Yes, I still work at the same company as xnh. We were together for 16 years, and met at work. When we divorced, my office was located in the office immediately next door to his. He harassed me daily at work, and behaved very "in my face" about his personal dirty laundry. Hearing all of this outside my office door constantly was like xnh rubbing salt in my wounds. Xnh had truly been the "love of my life". Even though xnh was the person that cheated, and dumped me, he very much seemed to want to hurt me more than he already had (if that's actually possible). He was very angry that I divorced him quickly, went NC, and he could no longer control me. I guess according to xnh's twisted narc logic, I was supposed to get abused/cheated on/dumped AND he was supposed to control everything just like usual. Not going to happen in my world. I was done. lol. In addition, he was bad-mouthing me to anyone and everyone at work. I've even heard that he had discussed our sex life in the shuttle to one of our sites on a regular basis. Now, whenever I have to discuss work with a co-worker, the thought is always in the back of my mind, "What horrible things has xnh told THIS person about me?". Working anywhere near him after the D&D was pure torture for me. In my case, I ended up filing three harassment complaints against xnh because he simply would NOT leave me alone, and stop disparaging my name. He had quite the smear campaign going about me. I have my own career that is completely separate from xnh's, I started this company with my own credentials, and my work has had a very good reputation with this company for 20 years. I simply could not tolerate xnh ruining my work reputation with his slandering. Finally my management realized that I was working in a hostile work environment becuase of xnh. When I filed my third complaint against him, upper management moved my office to a completely seperate floor, xnh was reprimanded, and forbidden to have any contact with me using company property or company time. Now I finally have peace at work from xnh, and do not have to see him every day. Since my heart was breaking because of his cheating and our divorce, finally getting away from xnh, and his constant harassment at work was a huge relief for me. Staying in such close proximity with xnh for this long would have been pure Hell. I had to find a way to get away from him.
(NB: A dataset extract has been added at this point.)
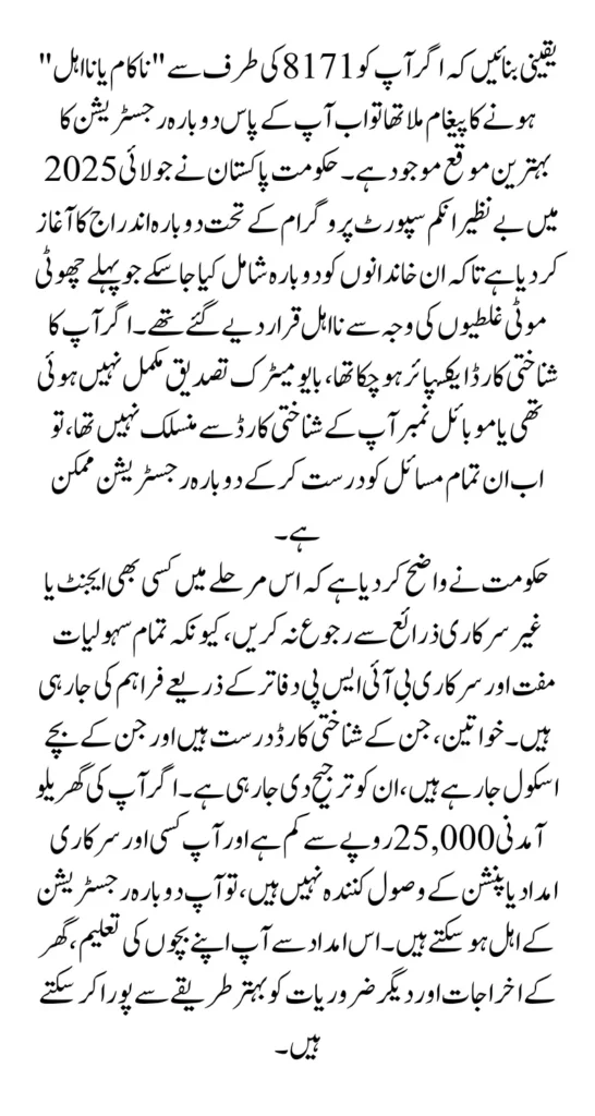 8171 BISP Payment Re-Registration Government of Pakistan has officially launched a new re-registration phase under the BISP in July 2025. This new opportunity is specially designed for individuals and families who previously received an ineligibility message when applying for the Rs. 13,500 financial assistance.

It's been 16 months since xnh D&D'd, and 15 months since the divorce was final.

______________________________________________________
God sometimes removes a person from your life for your protection. Don't run after them.

Sep 13 - 9AM
How could I
How could I's picture

Yes, I Endure it!

Yes, I endure it! I am so very sorry that you are going through this too! I know that for me, it is one of the most difficult things I have ever been through! How can you have NC when you are with them every day? The OW is someone that works with us and used to be my friend...making this even more difficult. He is so charming to everyone in the office. I just want to throw up! (feel free to send me a private message if you like)
Sep 13 - 12AM
58 and going strong
58 and going strong's picture

I did. Twice. About 27 years

I did. Twice. About 27 years and then 2+ yeras ago. Each time with my husband (1st and 2nd, prior to and around divorce time) in small family businesses. Yes, I did repeat my story, and the 2nd time was even worse. But I didn't know then what was really going on, only found the truth about Ns finally a few weeks ago. It was hell. Personal hell expanded, and affecting the work life tremendously.